Not to re-direct the subject of this thread...  but what you have said about the yanmaodao is very true.  Based on this principle, the immensely-talented woodworker *Graham Cave*, has been working on the details of a wooden, fighting goose-quill saber.  His wooden jians are, by far, the very finest ever produced in contemporary times (if not throughout all of time).  Do check them out at:  * http://www.tigers-den-swords.com/*

  The yanmaodaos will be designed to compete in the Traditional Chinese Sword League's full-contact tournament events.  Given the predominance of jianfa at the first two open tournaments, these new yanmaodaos will be much better suited to counter the speed and effectiveness of the jian.  The Raven Studios liuyedaos used in the 2009 tourney, were at a disadvantage in such a heavily-saturated environment of jianfa.  These new wooden Geese will be quicker and possess a significant thrusting capacity.  They may be available by mid 2010?  Theoretically speaking, however, they are still on the blackboard.  As with his fighting jians, Graham has enlisted the guidance and feedback of some of the most illumined English-speaking authorities on Chinese arms.  It's always good to have the advice of seasoned experts and rogues (myself), alike.  The amount of research and experimentation involved in these projects is extensive.  In good time, a truly authentic fighting Goose will emerge form his workshop.   In my own small way, I am attempting to assist Graham in his research and development.
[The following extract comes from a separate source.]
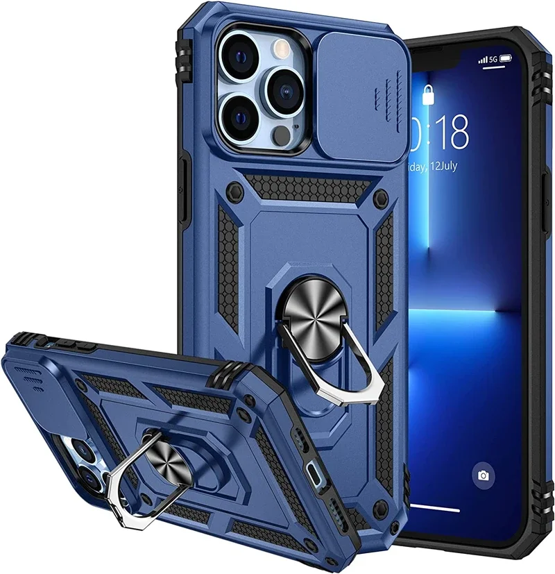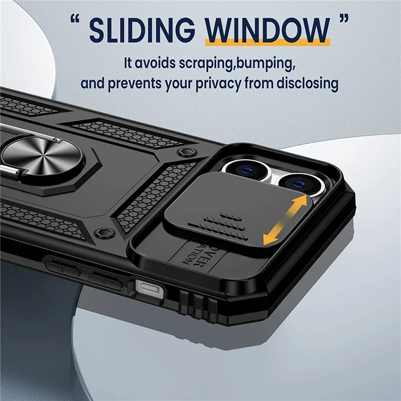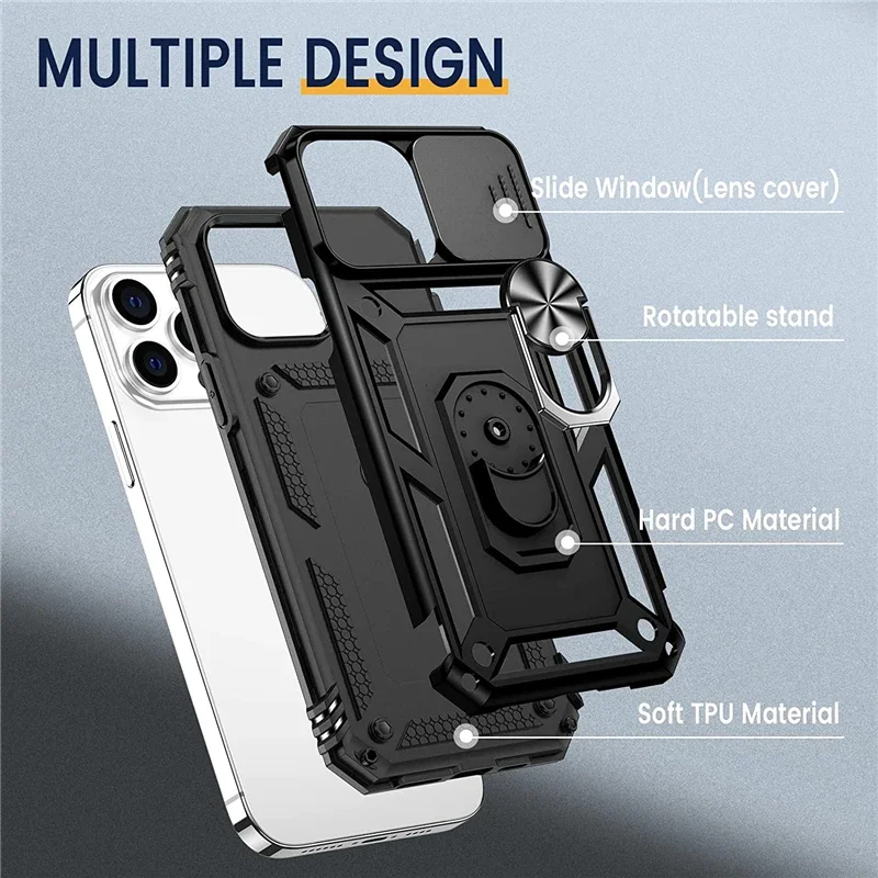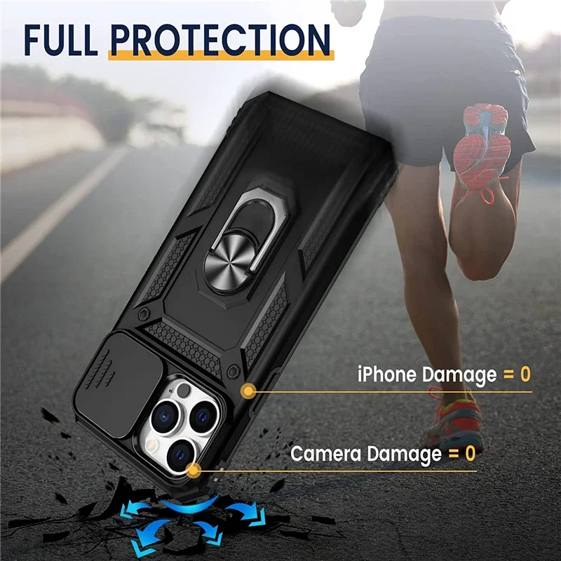 Funda con soporte de armadura de grado militar para IPhone 16 15 14 13 11 Pro Max Plus 12 Mini XS XR soporte magnético para coche con cubierta deslizante para cámara

> Sounds like something an elite would use...


It was certainly more of a specialty weapon.  I guess you could say that they were elite, or at least specialists.  A good friend of mine knows several trapping/deflecting movements that a dao like the above "Yang taiji dao" examples can employ with the S-guard.  He showed me the methods for binding a spear attack and subsequent offensive movements, utilizing the leverage of the large ring pommel.  It is, most assuredly, an  interesting anomaly, in the myriad variations of the Chinese sword (as sabers go).   :Big Grin: 

*Be well and practice often,   Jon Palombi*

----------